GUITTARD, Chief Justice,

dissenting.

I agree that a defendant is not required by rule 93(o) of the Texas Rules of Civil Procedure to deny under oath that he is “doing business under an assumed or trade name as alleged,” unless the petition has alleged that he is so doing business. I cannot agree, however, that the petition in .this case, when reasonably construed, does *64not so allege. I would hold that its provisions are clear enough to give defendant notice of his claim and thus to invoke the requirements of rule 93(o).

The majority rest the decision on the circumstance that the petition does not state in any of the numbered paragraphs that defendant was doing business in the name of “CTL Construction Company,” but only states in the opening paragraph or “preamble” that plaintiff is complaining of “C. T. Lambert, individually and d/b/a CTL Construction Company.” The majority point out that the petition seems to treat Lambert individually and “CTL Construction Company” as two separate defendants. The majority would presumably reach a different result if plaintiff had averred in one of the numbered paragraphs, “Defendant C. T. Lambert is doing business as CTL Construction Company,” notwithstanding use of “defendants” in the plural.

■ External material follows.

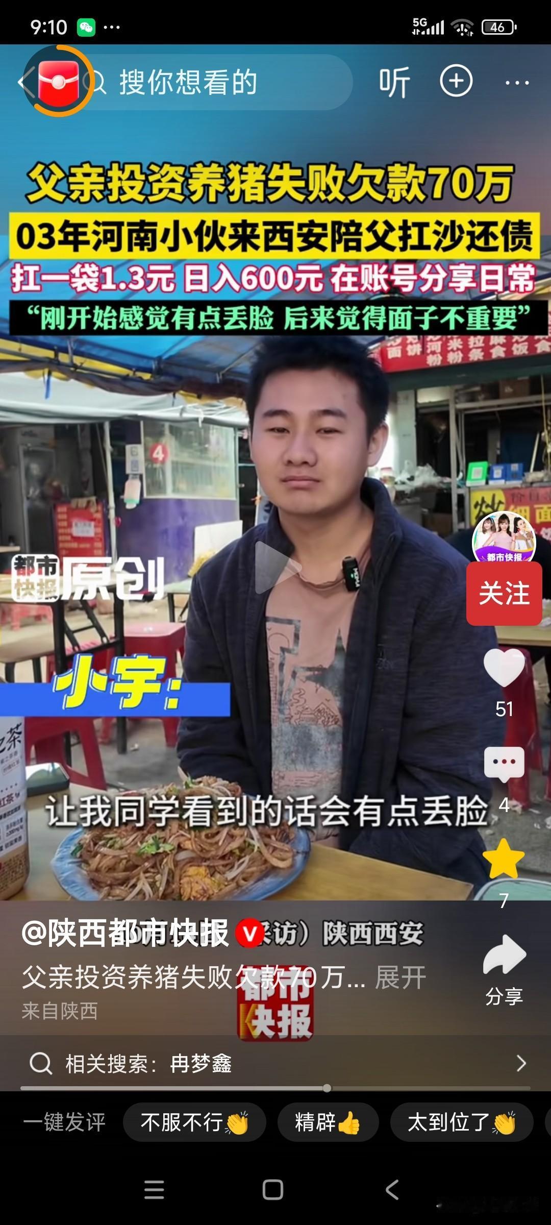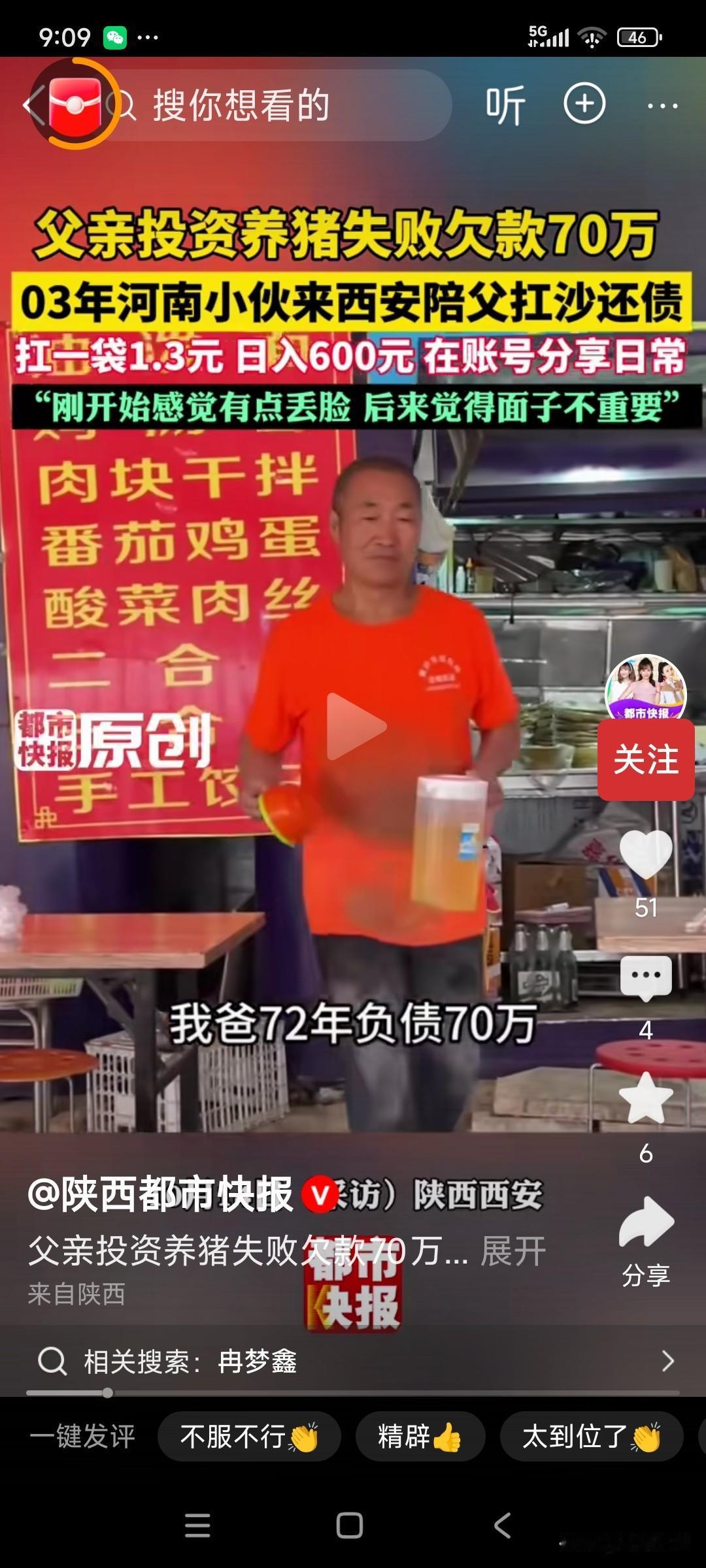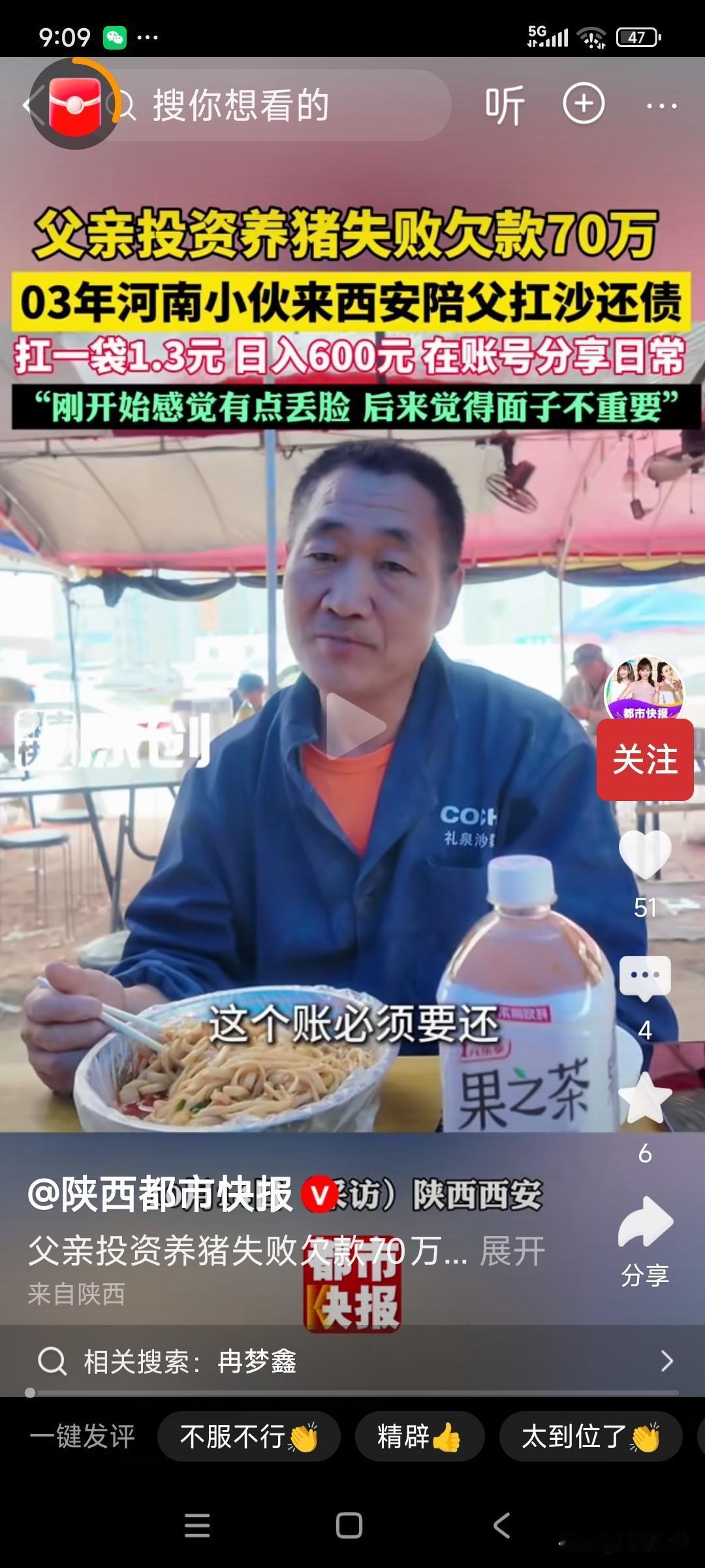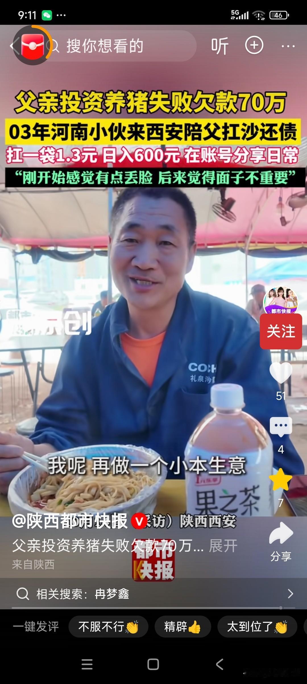 有担当!父亲53岁,欠债70万,儿子大学毕业,一起扛水泥还债,一袋水泥60斤,1.3元,每天扛数吨,挣600元! 父亲72年的,当初,养猪600多头,本想着能过上好日子,却赶上猪/瘟,一下子赔了70万, 儿子小宇03年的,大学毕业后,工资3-4千,也没找到高薪,但是看着父亲,日益老去,还要扛水泥,他就决定陪父亲,一起扛水泥还债! 小宇一开始干,第二天累的都起不来床,他把视/频发到网上,给自己鼓励,有时也担心被别人笑话,被同学看见,但是现在习惯了,还是挣钱重要! 就这样,几年了,父子俩齐心协力,已经还清了大部分欠款,还剩十几万! 难得两个都是有担当的“汉子”,父子俩每天吃着炒饼,面条,面对债务却丝毫没有退却, 现在快还清了,父亲说,以后让小宇去做自己喜欢的事,我去做点小买卖! 这样有担当的父子俩,该给大大的赞! 谁嫁进来都有福了!

In my view, the majority draw too fine a line. No lawyer reading the petition is likely to get the impression that plaintiff is suing both Lambert and a corporation named “CTL Construction Company.” The petition does not identify “CTL Construction Company” as a corporation, and the name itself does not indicate whether the “company” is a corporation, a partnership, or an individual proprietorship. The only explanation of the nature of the company is that stated in the opening paragraph: “C. T. Lambert, individually and d/b/a CTL Construction Company.” Thus, it is clear from the petition that “CTL Construction Company” is intended as an assumed name for C. T. Lambert.

I concede that the expression “d/b/a” is a source of confusion. Apparently, plaintiff’s counsel was confused as to whether an individual doing business in an assumed name has more than one capacity in which he may be sued. Of course, as a matter of law, “d/b/a” does not indicate a separate legal capacity, and an individual doing business in an assumed name may be sued as an individual on any debt incurred in that name. The assumed name is only a matter, of identification. Consequently, any lawyer reading this petition must be deemed to know that when a person is sued “individually and as d/b/a,” only one defendant is named and only one defendant is sued, notwithstanding the use of “defendants” in the plural. The identification of defendant in the opening paragraph as doing business in an assumed name rather that in one of the numbered paragraphs may be an error of form subject to a special exception, but it hardly creates such an uncertainty or an ambiguity in the allegations as to relieve the defendant of the requirements of rule 93(o).

This lack of uncertainty is demonstrated by defendant’s posture before the trial court, which demonstrates that the petition was adequate to inform him of the nature of plaintiff’s claim. The proof of the pudding is the eating. Defendant evidently recognized that he was sued individually for a debt incurred by “CTL Construction Company” because he met the issue squarely by denying that he had contracted with plaintiff in an individual capacity and by alleging that “CTL Construction Company” was a corporation. He failed, however, to verify his answer by affidavit, as required by rule 93(o). At the trial he offered proof “that the debt is a corporate debt, not an individual debt of Mr. Lambert.” The judge sustained plaintiff’s objection to this proof on the ground that defendant was not entitled to present evidence in the absence of a sworn denial complying with rules 93 and 185. This ruling, in my opinion, was correct. Since the defect of form in alleging the “d/b/a” in the opening paragraph rather than in one of the numbered paragraphs was not brought to the judge’s attention in any manner, that defect was waived under rule 90.

Defendant raised no objection concerning the sufficiency of the petition until he filed his brief in this court, in which he asserts for the first time that the petition “names two defendants” and “alleges that the material sued on was sold and delivered to Defendant CTL Construction Company only.” This argument is evidently an afterthought, since defendant’s main argument is that the items in the account are not sufficiently described. That defect, in my *65view, also was waived, M. E. Morgan Co. v. Boise Cascade Corp., 583 S.W.2d 436 (Tex.Civ.App.—Texarkana 1979, no writ). Accordingly, I conclude that the judgment should be affirmed.